Retype only the lines below from the one with "先生たちの絵馬を見た後はハサミを使って絵馬の形に切りました✨" to the one with "면식당의 메뉴는 정말", inclusive, skipping every image.

§ **Exercise material**
____

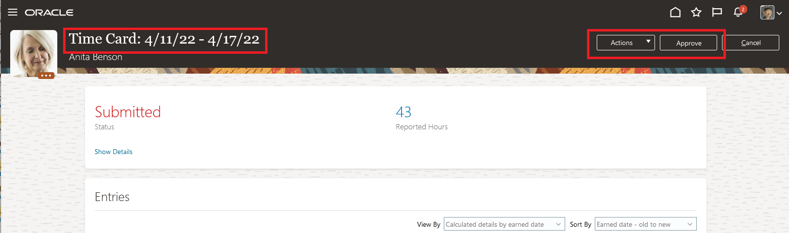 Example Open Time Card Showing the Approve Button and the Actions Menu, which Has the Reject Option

____

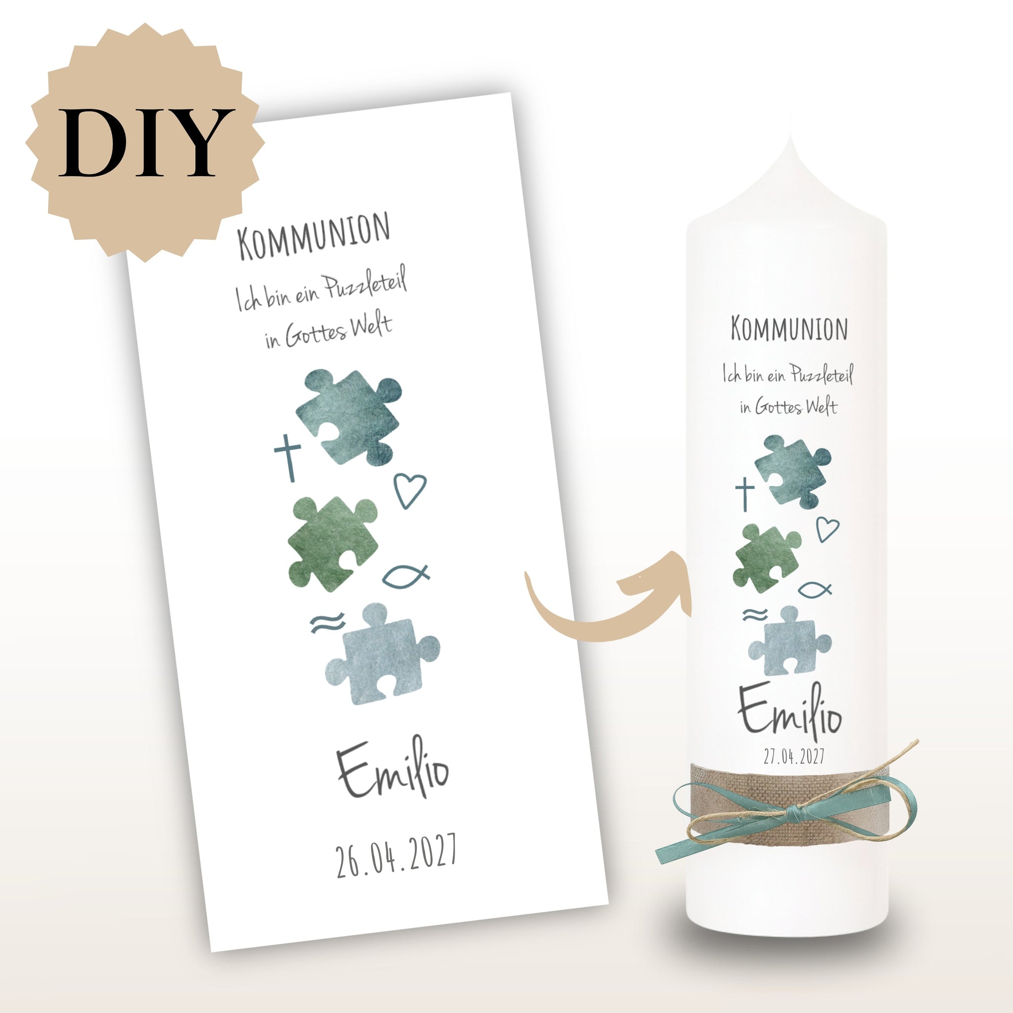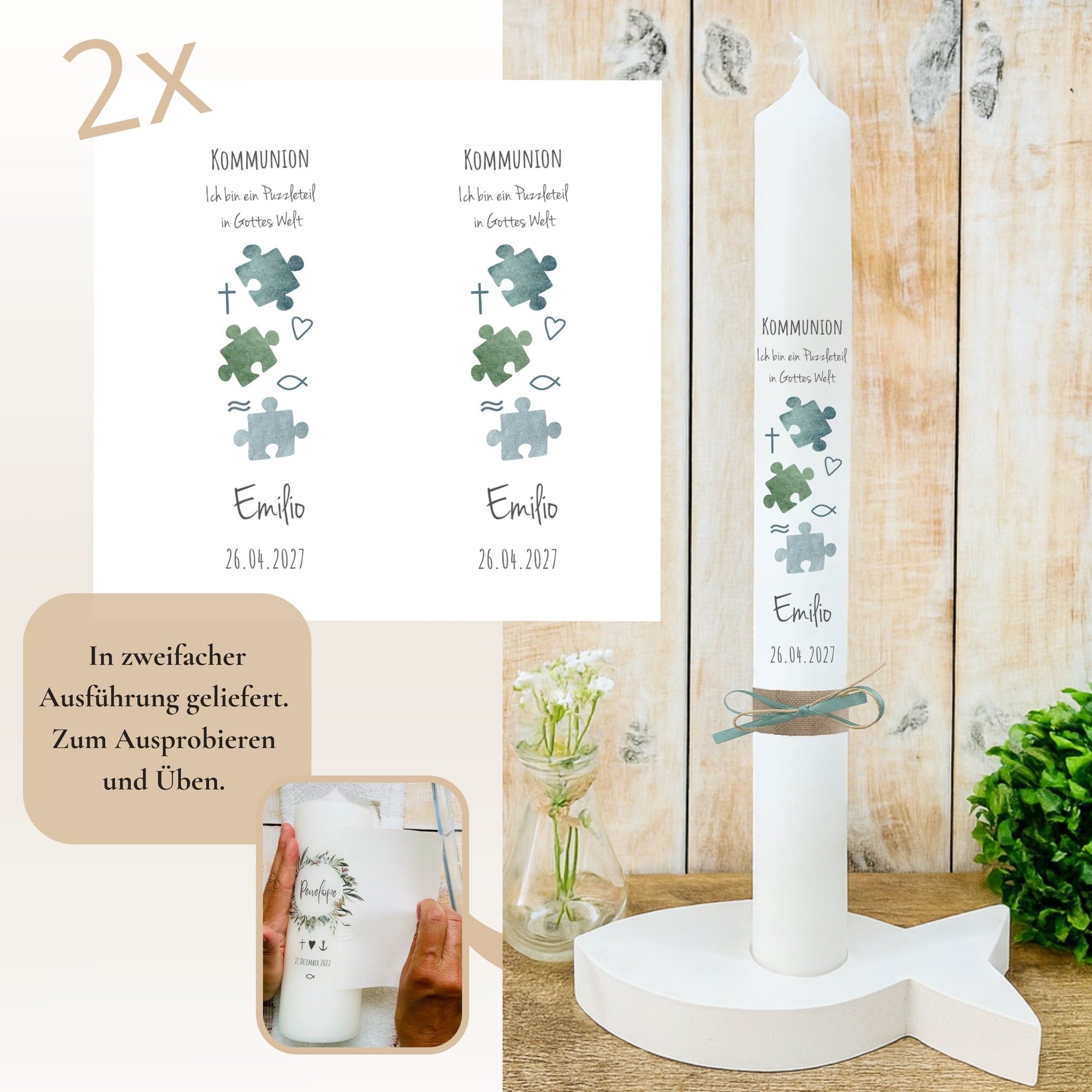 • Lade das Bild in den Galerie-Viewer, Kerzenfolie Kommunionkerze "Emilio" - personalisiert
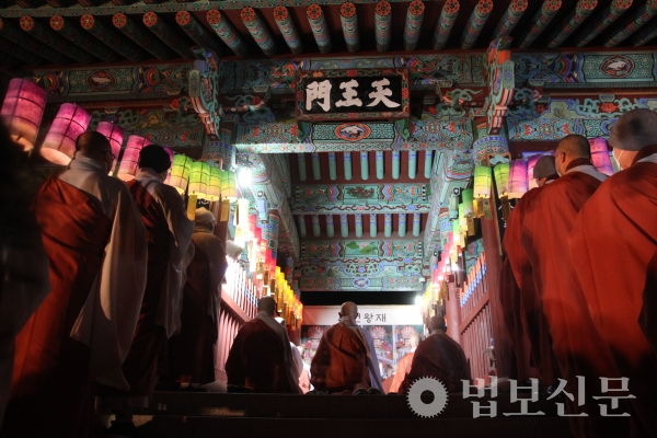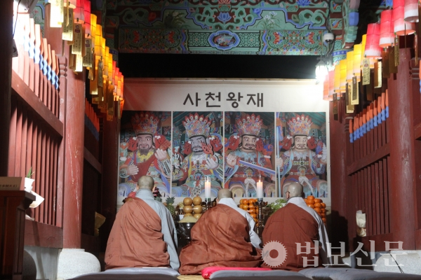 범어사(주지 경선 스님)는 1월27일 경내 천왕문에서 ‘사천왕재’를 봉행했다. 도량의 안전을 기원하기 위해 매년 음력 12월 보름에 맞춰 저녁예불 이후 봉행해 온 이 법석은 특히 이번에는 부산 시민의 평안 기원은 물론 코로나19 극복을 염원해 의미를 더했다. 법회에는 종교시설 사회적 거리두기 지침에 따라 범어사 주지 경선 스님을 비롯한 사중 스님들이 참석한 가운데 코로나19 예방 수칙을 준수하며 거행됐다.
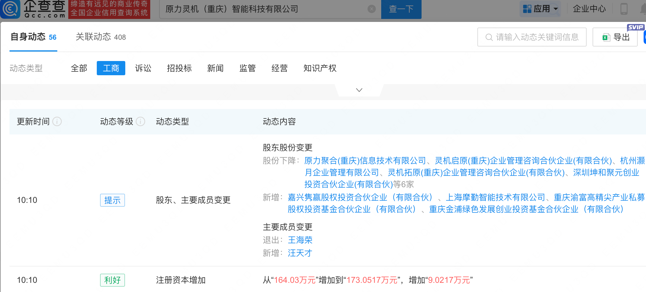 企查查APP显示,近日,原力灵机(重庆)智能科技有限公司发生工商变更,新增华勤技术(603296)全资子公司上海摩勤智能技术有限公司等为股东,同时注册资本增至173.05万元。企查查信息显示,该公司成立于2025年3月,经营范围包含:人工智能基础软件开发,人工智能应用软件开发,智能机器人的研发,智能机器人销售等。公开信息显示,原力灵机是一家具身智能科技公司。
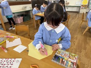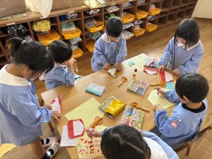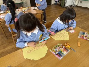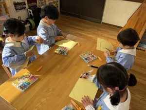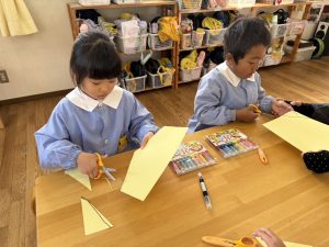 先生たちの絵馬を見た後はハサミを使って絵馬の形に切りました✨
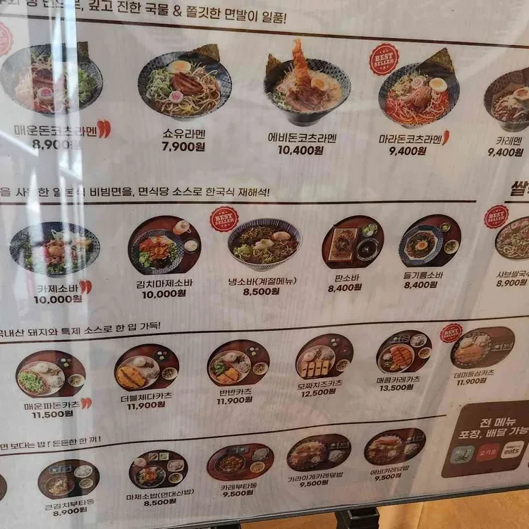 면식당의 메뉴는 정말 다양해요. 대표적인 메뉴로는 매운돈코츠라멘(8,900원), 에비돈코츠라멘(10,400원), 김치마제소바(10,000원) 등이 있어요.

____

§ **Result of the task**
 先生たちの絵馬を見た後はハサミを使って絵馬の形に切りました✨
 면식당의 메뉴는 정말 다양해요. 대표적인 메뉴로는 매운돈코츠라멘(8,900원), 에비돈코츠라멘(10,400원), 김치마제소바(10,000원) 등이 있어요.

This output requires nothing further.